**About this exercise:** Each line of the entries that mentions the string "beginning" needs to be reported.

**The data:**
+ + + + +
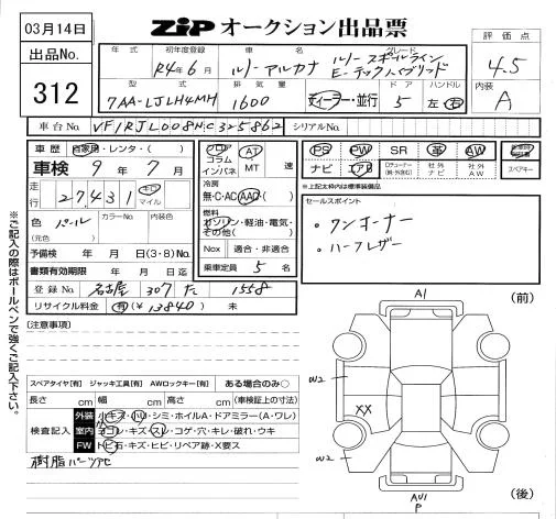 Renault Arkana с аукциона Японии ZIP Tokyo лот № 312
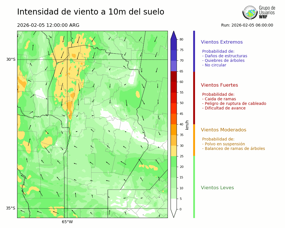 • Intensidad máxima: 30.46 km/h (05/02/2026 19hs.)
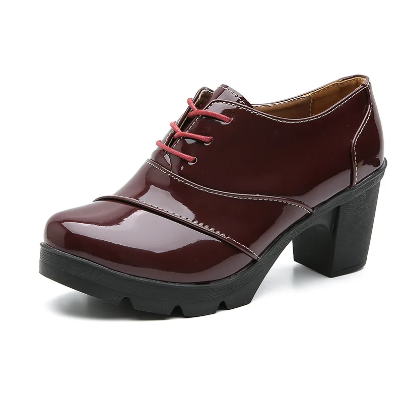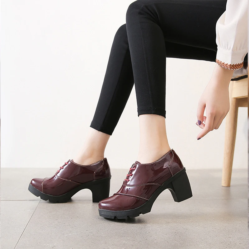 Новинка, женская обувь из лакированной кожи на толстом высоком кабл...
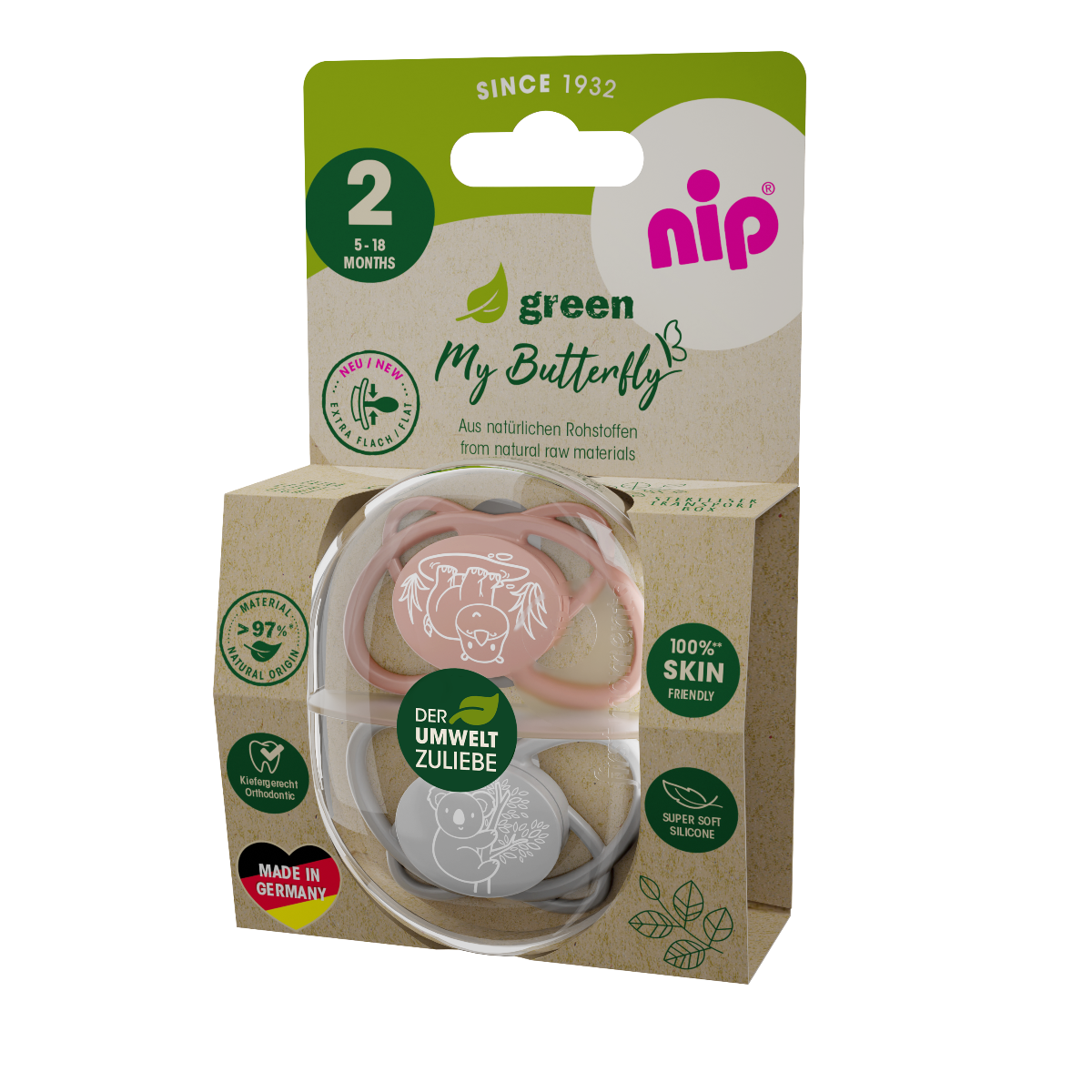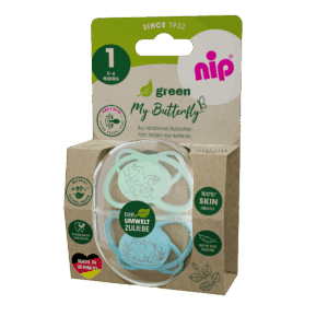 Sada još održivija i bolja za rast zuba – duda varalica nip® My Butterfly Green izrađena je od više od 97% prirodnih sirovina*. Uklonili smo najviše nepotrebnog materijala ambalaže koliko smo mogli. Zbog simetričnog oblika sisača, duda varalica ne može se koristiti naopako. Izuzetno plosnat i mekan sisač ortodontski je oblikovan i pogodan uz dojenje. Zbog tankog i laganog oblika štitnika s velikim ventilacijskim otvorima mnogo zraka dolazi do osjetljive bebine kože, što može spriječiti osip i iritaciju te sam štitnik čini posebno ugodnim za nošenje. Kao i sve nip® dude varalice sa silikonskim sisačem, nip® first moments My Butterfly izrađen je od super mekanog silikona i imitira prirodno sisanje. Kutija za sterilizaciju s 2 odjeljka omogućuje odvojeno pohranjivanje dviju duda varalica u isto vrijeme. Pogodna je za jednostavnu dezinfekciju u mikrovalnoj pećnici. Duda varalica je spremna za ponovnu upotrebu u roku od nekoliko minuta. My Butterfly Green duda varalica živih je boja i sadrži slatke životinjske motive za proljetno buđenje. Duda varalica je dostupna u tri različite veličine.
+ + + + +
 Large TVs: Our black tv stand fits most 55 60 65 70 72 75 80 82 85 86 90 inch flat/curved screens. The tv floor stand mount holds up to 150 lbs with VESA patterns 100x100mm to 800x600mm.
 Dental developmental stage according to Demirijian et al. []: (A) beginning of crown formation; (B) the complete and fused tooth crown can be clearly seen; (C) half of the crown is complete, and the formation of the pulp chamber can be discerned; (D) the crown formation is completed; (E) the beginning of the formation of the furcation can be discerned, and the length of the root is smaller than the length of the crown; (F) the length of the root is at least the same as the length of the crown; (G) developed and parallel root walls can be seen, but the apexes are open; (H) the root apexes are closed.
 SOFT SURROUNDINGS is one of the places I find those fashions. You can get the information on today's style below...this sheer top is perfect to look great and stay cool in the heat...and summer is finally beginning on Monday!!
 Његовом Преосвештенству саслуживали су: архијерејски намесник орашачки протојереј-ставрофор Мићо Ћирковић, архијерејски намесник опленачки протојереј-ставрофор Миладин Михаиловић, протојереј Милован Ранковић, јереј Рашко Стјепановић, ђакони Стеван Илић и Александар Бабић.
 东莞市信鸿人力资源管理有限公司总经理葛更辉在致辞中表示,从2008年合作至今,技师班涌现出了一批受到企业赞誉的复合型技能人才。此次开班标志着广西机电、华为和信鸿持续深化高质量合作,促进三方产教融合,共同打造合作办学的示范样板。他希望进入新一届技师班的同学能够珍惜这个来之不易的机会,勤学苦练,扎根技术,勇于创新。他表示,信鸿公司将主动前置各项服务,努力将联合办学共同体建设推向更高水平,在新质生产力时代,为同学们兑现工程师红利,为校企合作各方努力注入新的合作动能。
+ + + + +
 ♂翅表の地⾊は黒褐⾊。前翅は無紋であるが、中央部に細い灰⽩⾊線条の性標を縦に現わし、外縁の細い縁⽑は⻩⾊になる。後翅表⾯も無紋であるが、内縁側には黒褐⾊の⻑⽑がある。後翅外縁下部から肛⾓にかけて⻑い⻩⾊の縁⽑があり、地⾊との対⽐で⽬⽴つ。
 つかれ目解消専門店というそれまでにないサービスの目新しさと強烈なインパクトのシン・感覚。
+ + + + +
**Solution to this task:**
 Dental developmental stage according to Demirijian et al. []: (A) beginning of crown formation; (B) the complete and fused tooth crown can be clearly seen; (C) half of the crown is complete, and the formation of the pulp chamber can be discerned; (D) the crown formation is completed; (E) the beginning of the formation of the furcation can be discerned, and the length of the root is smaller than the length of the crown; (F) the length of the root is at least the same as the length of the crown; (G) developed and parallel root walls can be seen, but the apexes are open; (H) the root apexes are closed.
 SOFT SURROUNDINGS is one of the places I find those fashions. You can get the information on today's style below...this sheer top is perfect to look great and stay cool in the heat...and summer is finally beginning on Monday!!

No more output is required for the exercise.